Items listed in a dataset:
● ● ● ●

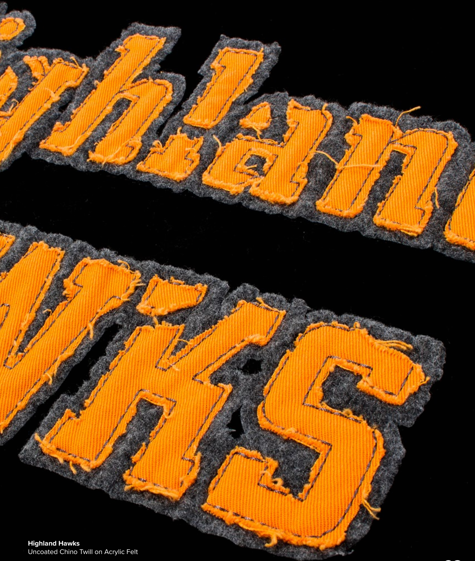
Highland Hawks Uncoated Chino Twill on Acrylic Felt
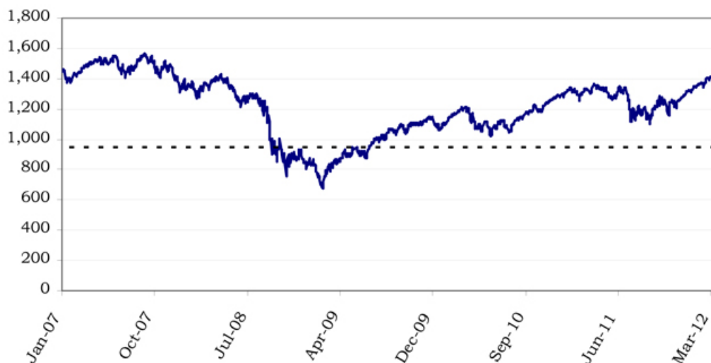
Historical Levels of the Reference Index

The historical data on the Reference Index presented above is not necessarily indicative of the future performance of the Reference Index or what the value of the notes may be. The historical data sets forth only month-end closing levels of the Reference Index. Interest accruing on the notes is determined in reference to daily closing levels of the Reference Index. Any month-end trend in the level of the Reference Index is not necessarily indicative of the intra-month trends. Furthermore, any historical upward or downward trend in the level of the Reference Index during any period set forth above is not an indication that the level of the Reference Index is more or less likely to increase or decrease at any time over the term of the notes.
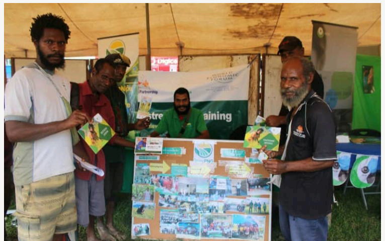
Farmers visited Grow PNG information booth during the NARI Innovations Show

He highlighted the need for private sector investment in agriculture in Papua New Guinea to support smallholder farmers and addressed challenges like land tenure, irrigation, and finance, emphasizing the urgency of finding solutions for agricultural development.
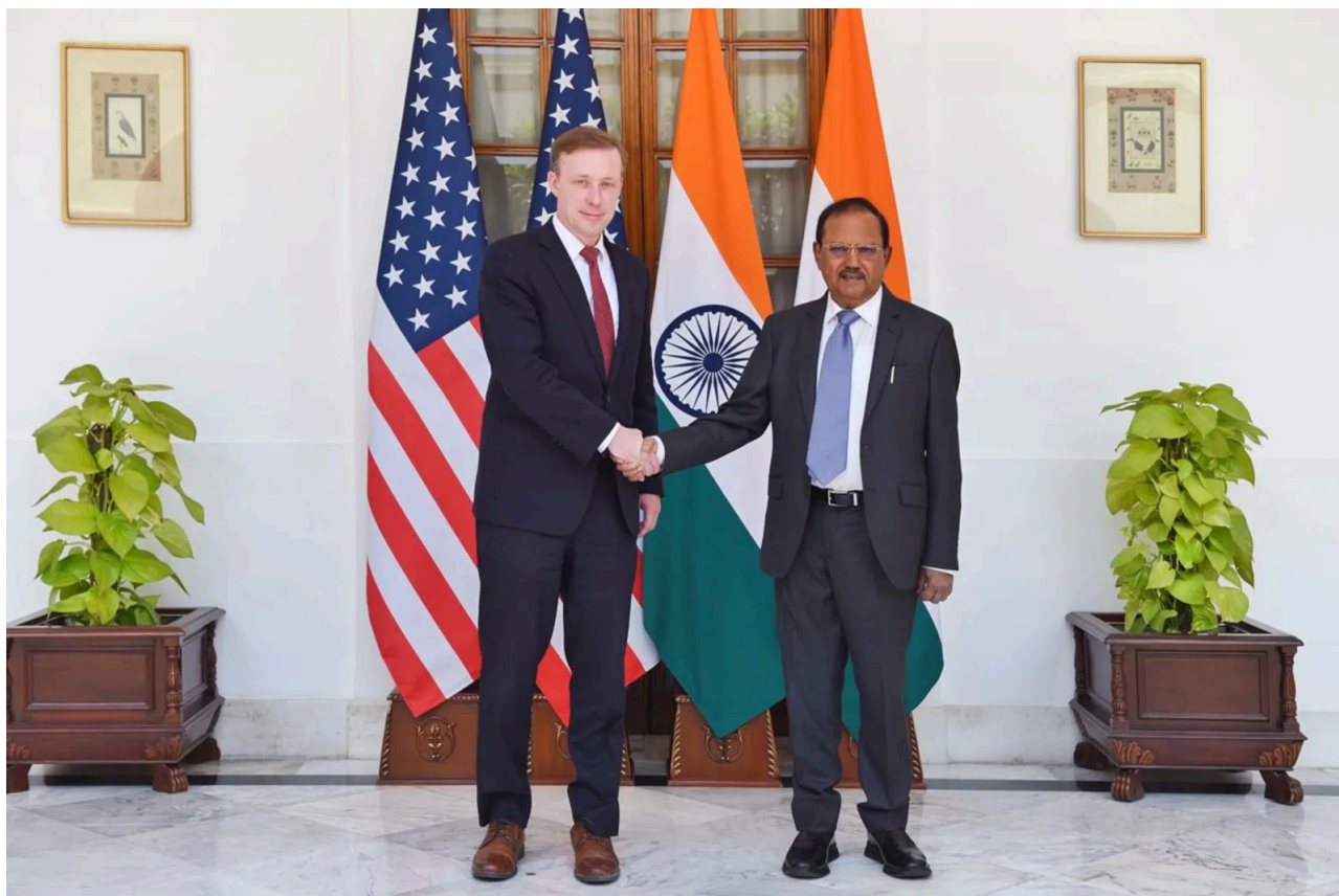
New Delhi: National Security Adviser (NSA) Ajit Doval and US NSA Jake Sullivan during a meeting, in New Delhi, Monday, June 17, 2024.

They underscored the vital importance of “adapting our technology protection toolkits and resolved to prevent the leakage of sensitive and dual-use technologies to countries of concern”.
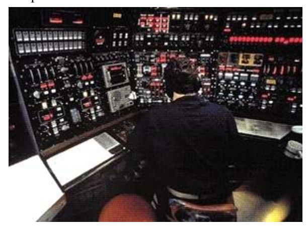
US Navy BSY-2 Advanced Combat System for Seawolf class submarines

Operational Characteristics. The development requirements for the BSY-2 included the following: develop an architecture that facilitates tactical enhancements and future growth, and provide computer processes that improve response time from initial threat detection to weapon launch. Among the characteristics of the BSY-2 that enhance Navy attack submarine capabilities are new acoustic arrays that have better detection performance and self-noise characteristics; a partitioned system architecture that facilitates tactical improvements, future growth, and high availability; computer aids to assist operators in sensor, contact, and weapon management; and finally, the employment of the most advanced submarine weapons.
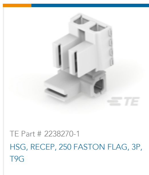
TE Part # 2238270-1 HSG, RECEP, 250 FASTON FLAG, 3P, T9G

Also in the Series | Potter & Brumfield T9G
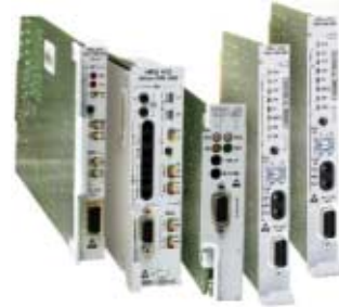
HiGain Remote Units

ADC's HiGain® HDSL2 modules enable networks to operate even more efficiently and at lower temperatures than current technology allows. Power consumption and heat dissipation is reduced by more than 30 percent, enabling service provider's to avoid or defer capital expenditure additions to existing plants. By providing full-rate T1 access using just a single copper pair, HDSL2 enables service providers to quickly and cost-effectively meet the demand for more voice and data services – services that have become increasingly hard to deliver due to the shortage of copper cable.
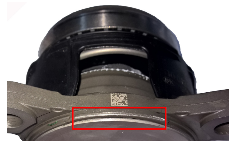
Fig. 2: Damaged concentric slave cylinder with separated gasket
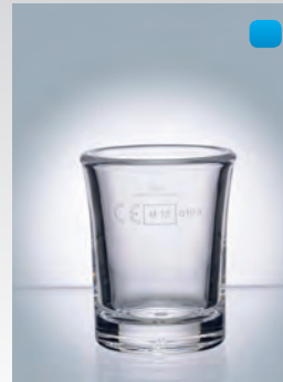
Shotglass Clear, 2 cl. 2 cl, 26 g, NSG 100205

● ● ● ●

◆ TASK INSTRUCTIONS: Set down the data exactly as it appears, without any images.

◆ EXERCISE SOLUTION:
Highland Hawks Uncoated Chino Twill on Acrylic Felt
Historical Levels of the Reference Index

The historical data on the Reference Index presented above is not necessarily indicative of the future performance of the Reference Index or what the value of the notes may be. The historical data sets forth only month-end closing levels of the Reference Index. Interest accruing on the notes is determined in reference to daily closing levels of the Reference Index. Any month-end trend in the level of the Reference Index is not necessarily indicative of the intra-month trends. Furthermore, any historical upward or downward trend in the level of the Reference Index during any period set forth above is not an indication that the level of the Reference Index is more or less likely to increase or decrease at any time over the term of the notes.
Farmers visited Grow PNG information booth during the NARI Innovations Show

He highlighted the need for private sector investment in agriculture in Papua New Guinea to support smallholder farmers and addressed challenges like land tenure, irrigation, and finance, emphasizing the urgency of finding solutions for agricultural development.
New Delhi: National Security Adviser (NSA) Ajit Doval and US NSA Jake Sullivan during a meeting, in New Delhi, Monday, June 17, 2024.

They underscored the vital importance of “adapting our technology protection toolkits and resolved to prevent the leakage of sensitive and dual-use technologies to countries of concern”.
US Navy BSY-2 Advanced Combat System for Seawolf class submarines

Operational Characteristics. The development requirements for the BSY-2 included the following: develop an architecture that facilitates tactical enhancements and future growth, and provide computer processes that improve response time from initial threat detection to weapon launch. Among the characteristics of the BSY-2 that enhance Navy attack submarine capabilities are new acoustic arrays that have better detection performance and self-noise characteristics; a partitioned system architecture that facilitates tactical improvements, future growth, and high availability; computer aids to assist operators in sensor, contact, and weapon management; and finally, the employment of the most advanced submarine weapons.
TE Part # 2238270-1 HSG, RECEP, 250 FASTON FLAG, 3P, T9G

Also in the Series | Potter & Brumfield T9G
HiGain Remote Units

ADC's HiGain® HDSL2 modules enable networks to operate even more efficiently and at lower temperatures than current technology allows. Power consumption and heat dissipation is reduced by more than 30 percent, enabling service provider's to avoid or defer capital expenditure additions to existing plants. By providing full-rate T1 access using just a single copper pair, HDSL2 enables service providers to quickly and cost-effectively meet the demand for more voice and data services – services that have become increasingly hard to deliver due to the shortage of copper cable.
Fig. 2: Damaged concentric slave cylinder with separated gasket
Shotglass Clear, 2 cl. 2 cl, 26 g, NSG 100205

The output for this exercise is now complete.